Trade

Ag commodity traders play crucial role in feeding world: GAFTA

June Arnold, Grain and Feed Trade Association , March 22, 2017

THE AGRICULTURAL commodity trade plays a crucial role in providing people all around the world with safe and reliable sources of affordable, high-quality food.

Although international food trade has existed for thousands of years, the amount of food traded internationally has grown exponentially over the last decade.

GAFTA head of policy, June Arnold

This has resulted in a complex global food system with commodities coming from many sources and traveling great distances.

Feed the world

Trade is critical to food security and the ability to trade food is central to the livelihoods of many of the world’s poor, so food safety is paramount.

Trading companies are ready to confront the challenge of feeding a world with nine billion people by 2050, and will continue to provide high quality, safe food all the time and everywhere.

In addition to processing and transporting tens of millions of tonnes every year, commodity companies are helping people make oilseeds and grains part of a healthy diet, bringing these foods from farm to table.

They connect farmers to the global marketplace and supply end customers, from nations to small livestock producers, with high-quality commodity products derived from a variety of crops.

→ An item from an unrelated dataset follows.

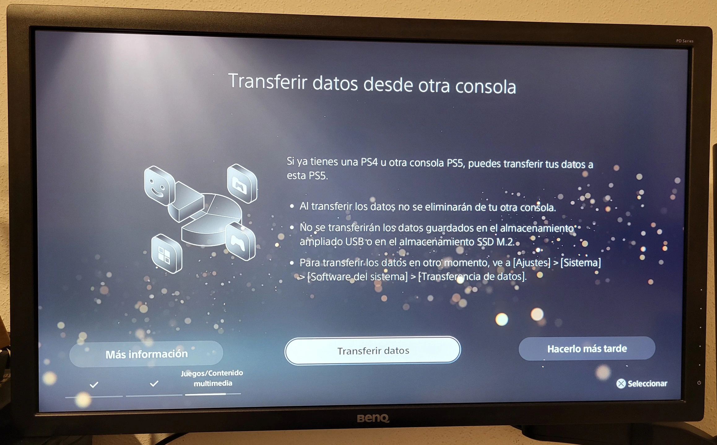 Muchos usuarios migrarán de la PS4 a la PS5 y para no perder los datos de partidas guardadas hay que realizar una transferencia. En teoría se puede hacer conectando las dos consolas a la misma red o router pero a mi al hacer la operación no me detectaba la PS4. Como alternativa la transferencia se puede hacer mediante una unidad USB que consiste en guardar los datos de los juegos en el almacenamiento externo, en la PS4 en la opción Settings > Application Saved Data Management > Saved Data in System Storage > Copy to USB Storage Device, y copiarlos al PS5 en la opción Settings > Saved Data and Game/App Settings. La transferencia de datos es importante para mantener el progreso de los juegos.
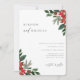 Contemporary Chic Minimalist Winter Botanical Wedding Invitation. Elegant watercolor winter botanicals and red florals.

It is crucial that policies focus on sustainable agricultural practices, improving market access and productivity for farmers, and supporting childhood nutrition and education around the world.

Companies have invested heavily in systems applying broad, comprehensive, science- and risk-based approaches to food and feed safety to ensure the safety and integrity of products worldwide.

However, the industry must do more to raise awareness on the impact of inconsistent regulation and the lack of coordination across governments, NGOs, policy-makers and consumers.

Import tolerances for residues and active substances

Social and environmental goals need to be taken seriously, but food and feed safety challenges are at the forefront given their impact on food security.

Issues around the lack of import tolerances for pesticides, lack of data submissions on active substances or residues, and slow renewals of active substances cause uncertainty and increasingly disrupt trade.

Trading houses apply international food safety standards and Codex principles in international trade to food and agricultural products.

These standards act as a global reference point for consumers, food producers and processors on the protection of public health and fair practices in the food trade.

Codex standards are based on sound scientific analysis by experts, providing a common set of standards.

Towards a low-level-presence solution

The Grain and Feed Trade Association (GAFTA) engages with governments and promotes wider global acceptance of these standards.

The aim is for the Codex Maximum Residue Limits (MRLs) to facilitate international trade, and to avoid having importing countries impose zero tolerances on contaminants or pesticide residues which have a negative impact on food security and food price inflation.

Of concern is the application of the ‘precautionary principle’ to regulation (under which the burden of proof is to establish that something is not harmful).

Coupled with increasingly non-scientific arguments in the regulatory decision-making process, it creates compliance difficulties for the industry and misconceptions of actual food safety risk for consumers.

Similarly, the lack of harmonised approvals of GMO crops globally means trading between markets becomes increasingly difficult with diverse sets of rules for approval worldwide and a time lag between different jurisdictions.

Again, this is not a safety issue, but one of compliance for a period of time until all government safety authorities have tackled the approval process in their relevant jurisdiction.

A low level presence solution (LLP) is needed on a global level to provide the industry with a commercially feasible level of certainty.

We are also seeing a lack of harmonisation globally in how to deal with new plant breeding innovations, as well as techniques which hamper innovation and investment.

A recent example is the proposed EU rules on comitology to approve GMOs or MRLs, which are expected to impact trade and create further delays in adoption.

These rules must be based on sound science.

Trading companies hold themselves accountable to fully implement global food safety approaches and continuously seek ways to improve the food safety system, implementing food safety and quality policies and procedures to guarantee access to a growing population and to control food safety.

The industry needs to focus strongly on increasing its involvement in certification processes which will have a positive effect on consumer confidence.

Awareness at the heart of the international community is needed on the market access constraints for agricultural commodities, along with the challenges of slow and cumbersome regulatory systems that discourage the adoption of innovation and new technologies.